> DATASET EXTRACT:

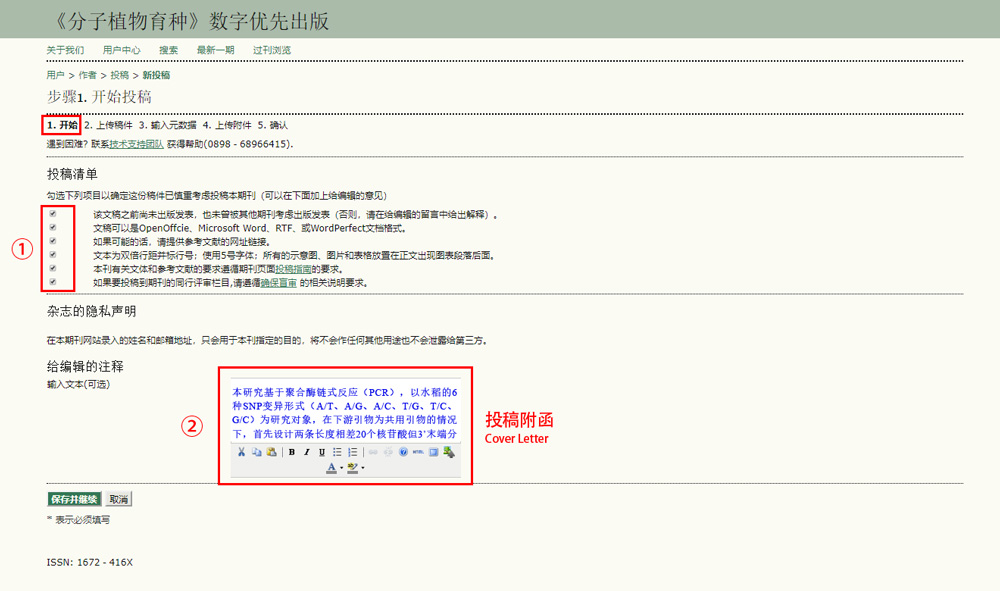 1、开始投稿:本刊投稿第一步,首先如图①处,红色框框的选项,全打勾√。在②处,提交投稿附函(Cover Letter)。①,②项是必填项。
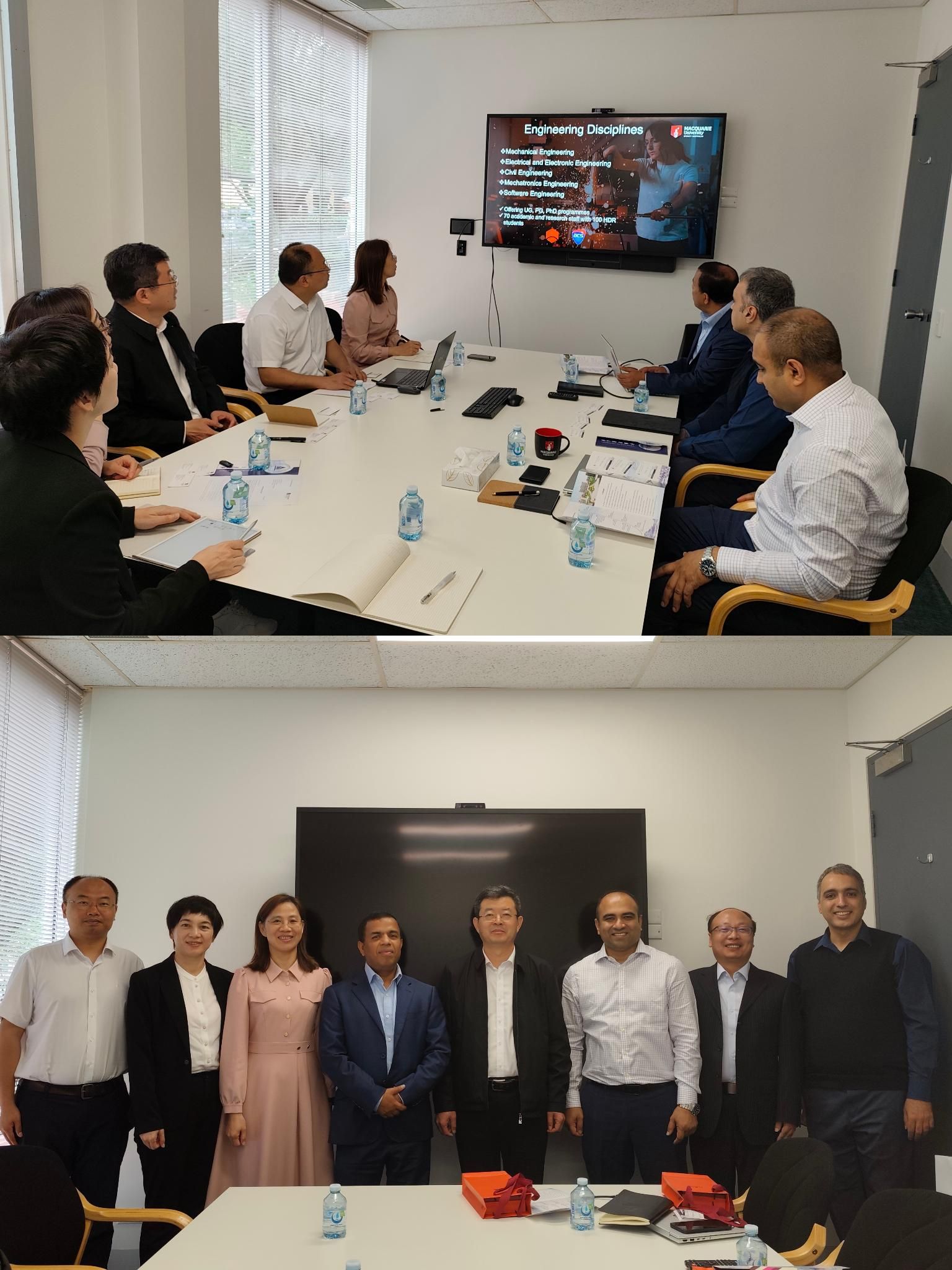 代表團一行與麥考瑞大學工程學院院長Aman Oo、科研主管Rouzbeh Abbassi博士、教學主管Nazmul Huda博士進行了會談。會談中,Aman Oo詳細介紹了麥考瑞大學工程學院的學科和專業設置情況,重點介紹該校通過項目化學習、實習實踐以及企業合作等方式,從第一天開始培養工程師的人才培養理念,列舉了在能源與碳減排、先進材料與制造、健康技術、建筑與基礎設施、未來通信與物聯網、微電子與光學等領域的技術優勢。副校長王迪釗表示十分期望與麥考瑞大學建立校際合作關系,推動雙方在學生短期交流項目、碩士和博士層次聯合培養、低碳能源和安全風險領域科研合作等方面的合作與交流。雙方一致同意通過此次會談加緊推動兩校合作諒解備忘錄的簽署以及聯合培養博士生等方面的協議內容。會談結束后,代表團一行參觀了麥考瑞大學校園和專業實驗室。
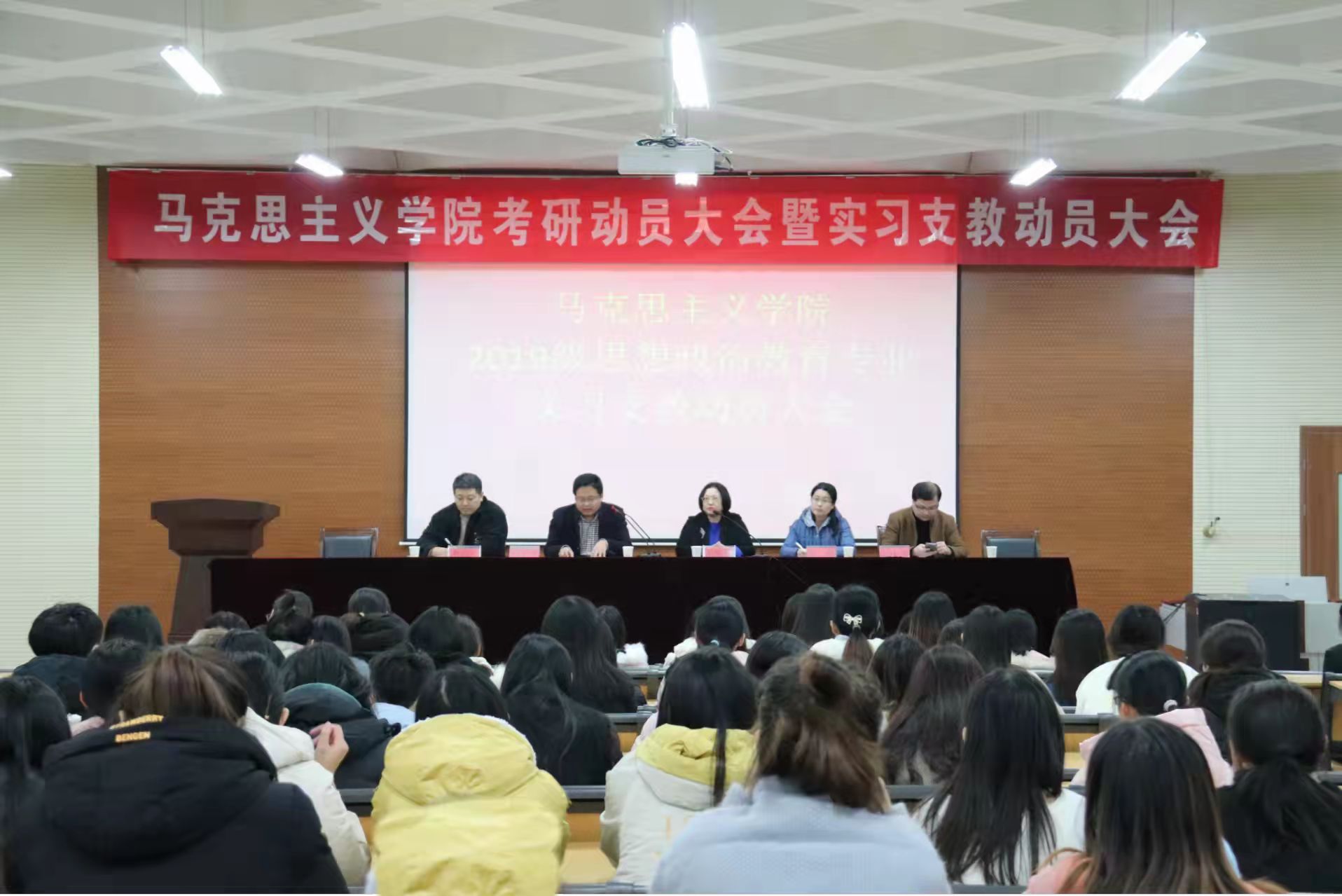 为帮助师范生提前了解教师行业,实现教育理论向教育实践的转化,积极响应支教的号召,1月10日,马克思主义学院于东校区6#C106召开考研暨实习支教动员大会。马克思主义学院党总支书记张华筠、院长刘子平、副院长华敏、辅导员李政一、教师刘琳琳、高庆涛、上届实习生代表张宝睿与全体2019级师范生参加此次动员大会。

> PROBLEM DETAILS:
Would you output, word for word, only the lines running from the line with "代表團一行與麥考瑞大學工程學院院長Aman Oo、科研主管Rouzbeh Abbassi博士、教學主管Nazmul" to the end of the listing above, both ends included, with no pictures?

> SOLUTION:
 代表團一行與麥考瑞大學工程學院院長Aman Oo、科研主管Rouzbeh Abbassi博士、教學主管Nazmul Huda博士進行了會談。會談中,Aman Oo詳細介紹了麥考瑞大學工程學院的學科和專業設置情況,重點介紹該校通過項目化學習、實習實踐以及企業合作等方式,從第一天開始培養工程師的人才培養理念,列舉了在能源與碳減排、先進材料與制造、健康技術、建筑與基礎設施、未來通信與物聯網、微電子與光學等領域的技術優勢。副校長王迪釗表示十分期望與麥考瑞大學建立校際合作關系,推動雙方在學生短期交流項目、碩士和博士層次聯合培養、低碳能源和安全風險領域科研合作等方面的合作與交流。雙方一致同意通過此次會談加緊推動兩校合作諒解備忘錄的簽署以及聯合培養博士生等方面的協議內容。會談結束后,代表團一行參觀了麥考瑞大學校園和專業實驗室。
 为帮助师范生提前了解教师行业,实现教育理论向教育实践的转化,积极响应支教的号召,1月10日,马克思主义学院于东校区6#C106召开考研暨实习支教动员大会。马克思主义学院党总支书记张华筠、院长刘子平、副院长华敏、辅导员李政一、教师刘琳琳、高庆涛、上届实习生代表张宝睿与全体2019级师范生参加此次动员大会。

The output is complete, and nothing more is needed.